Les responsables actuels et anciens du renseignement disent que l’idée que le virus a été accidentellement déchaîné du laboratoire de Wuhan est raisonnable, bien qu’ils avertissent qu’il n’y a pas d’évaluation de confiance élevée de cette possibilité.

Dans les derniers jours de l’administration Trump, l’ancien secrétaire d’État Mike Pompeo s’est penché sur la possibilité que le virus fuit de l’Institut de virologie de Wuhan, ou WIV. Bien que les renseignements ne soient pas concluants, Pompeo a publié une fiche d’information indiquant que les États-Unis avaient des preuves que les chercheurs du WIV avaient été malades à l’automne 2019 avec des symptômes de type Covid et que le laboratoire, où le coronavirus avait été étudié chez les chauves-souris, avait un histoire de la recherche militaire.

Le processus de déclassification des renseignements dans cette fiche d’information a pris beaucoup de temps et certains détails ont été effacés de la version finale qui a été publiée, ont déclaré à CNN des sources proches du processus.

En revanche, l’administration Biden n’a déclassifié aucun renseignement concernant les origines de Covid-19 et n’a pas indiqué son intention de le faire.
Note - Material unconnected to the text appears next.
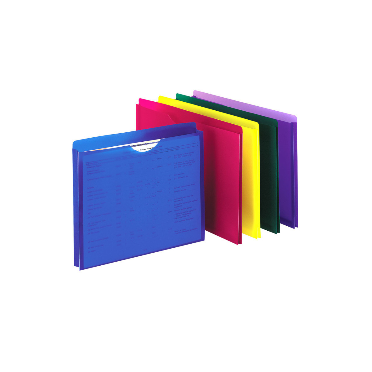 Translucent Poly File Jackets help you sort and identify files in five bright colors. Durable poly is wear-, tear- and moisture-resistant. 1” Expansion. Letter size. Assorted colors, two each: blue, green, yellow, magenta, purple. 10 Per pack.
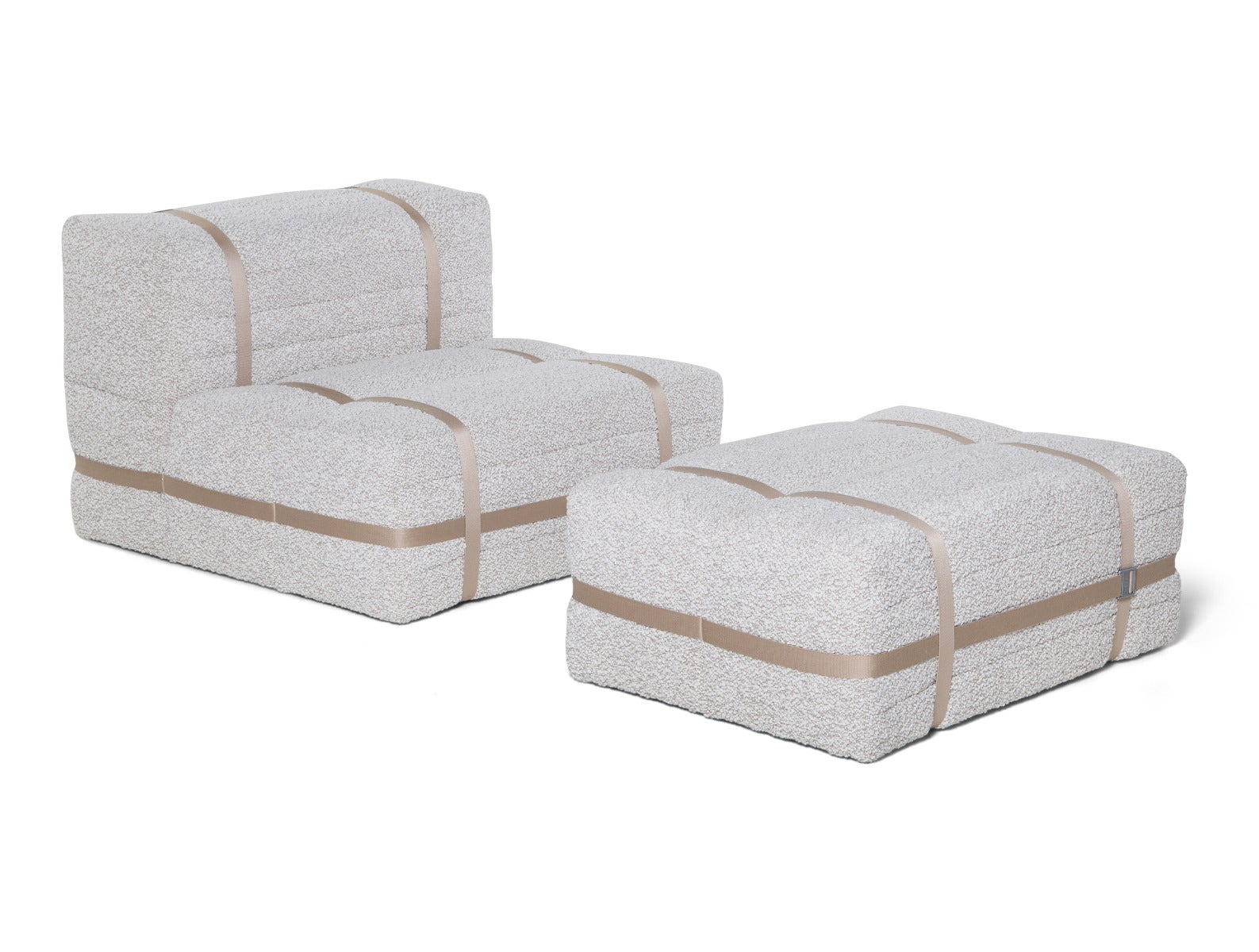 A bold reinterpretation of rural nostalgia, Haybale Lounge Chair with Footstool by Nicholas Baker transforms stacked hay bales into a sculptural statement of comfort. Plush, quilted cushions secured with bold straps recall the practicality of farm life, crafted with meticulous attention to form and function. Complete with a matching Footstool, its modular design invites both play and relaxation.

L’un des défis dans le développement de toute certitude est l’accès au laboratoire lui-même. La Chine a retardé l’accès aux enquêteurs internationaux pendant des mois après l’épidémie initiale, garantissant pratiquement que le laboratoire avait été nettoyé en profondeur avant qu’une analyse médico-légale puisse être effectuée, et les enquêteurs n’étaient pas non plus autorisés à consulter les journaux de données originaux qui, selon les scientifiques, seraient essentiels à la compréhension. les origines du virus.

Un moyen essentiel pour trouver une réponse serait d’effectuer un séquençage génétique sur les échantillons originaux sur lesquels le personnel du laboratoire de Wuhan travaillait. Mais « les Chinois ne permettront jamais cela », a déclaré une personne familière avec l’intelligence sous-jacente.

«Ma conviction personnelle est que nous ne connaîtrons jamais la réponse à cela», a déclaré cette personne. « Et la réponse ne sera pas découverte par la CIA, car cela suggérerait que les Chinois la recherchent eux-mêmes », ce que cette personne a dit ne pas être.

« Si la réponse existe, elle ne sera pas trouvée par les espions traditionnels », a ajouté cette personne.